The party was clearly a rager from what he could hear from behind the closed door. Surveying the eight deadbolts between him and Chuuya’s home cooking and absurdly expensive alcohol collection, he whipped out his lockpicking set and got to work.
The first bolt gave easily, and the next two weren’t locked. The third was, as was the fourth, but the fifth wasn’t set. The sixth and eighth were, the seventh not. It was easy enough to fiddle with the picks to get them open, and all in all it took less than ten minutes to get through all eight. He stood up, brushed himself off, and then grabbed the handle and turned it.
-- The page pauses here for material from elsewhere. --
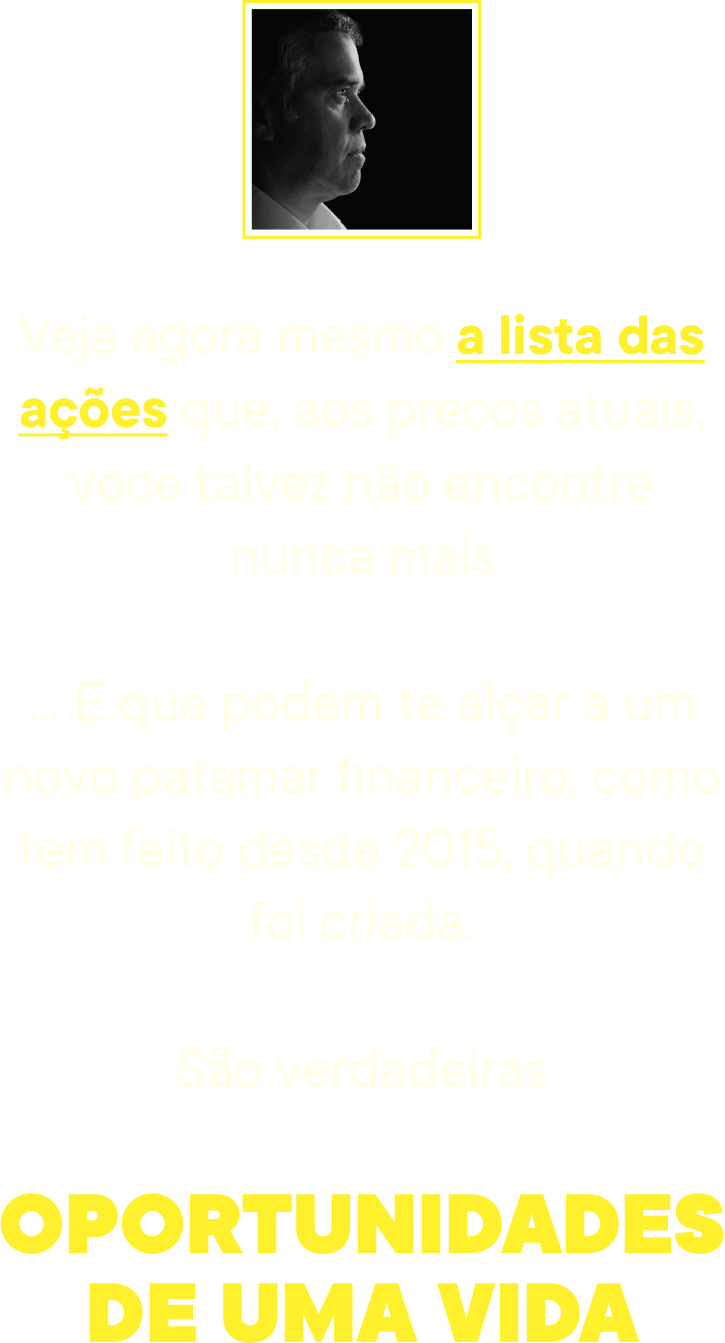 1. Eu vou abrir pra você a tese da Empiricus e você vai ver que precisa, o mais rápido possível, investir em ações ou aumentar sua posição. Também vou te mostrar como você pode acessar a Lista de ações Oportunidades de Uma Vida, do Felipe, sem assumir compromisso financeiro ALGUM conosco neste primeiro momento. Vamos abrir a lista, sem compromisso, você olha, nos conhece e decide depois se quer colocar um dinheiro nisso.

Or, well, he tried turning it. It didn’t budge.
He stared at his hand, still around the doorknob, and said, “What the fuck.”
Senbonzakura faded out and Fukagyaku Replace started up, but Q had their other ear trained on the door. Every time they heard a lock click out of place, they would either lock it back up or lock one of the ones that hadn’t been locked. It was mindless work, but at least they were going to get free food out of it once the party was over on top of the other agreed-upon spoils.
They heard Dazai swear again outside the door and added another tally to their list.
Three hours of hosting later, Kouyou was pleasantly tipsy and ready to go home. The consensus among the rest of the guests was much the same, and they all thanked Chuuya in turn as he escorted them to the door, undoing all the locks in one swift motion and letting them out. When the last of them had left, he stood in the threshold and looked down.
On the floor outside the apartment, Dazai sat with his knees to his chest and a pout on his face. It was equal parts hilarious and adorable. Chuuya kicked him with the toe of his house slipper. “Get up, asshole. There’s leftovers.”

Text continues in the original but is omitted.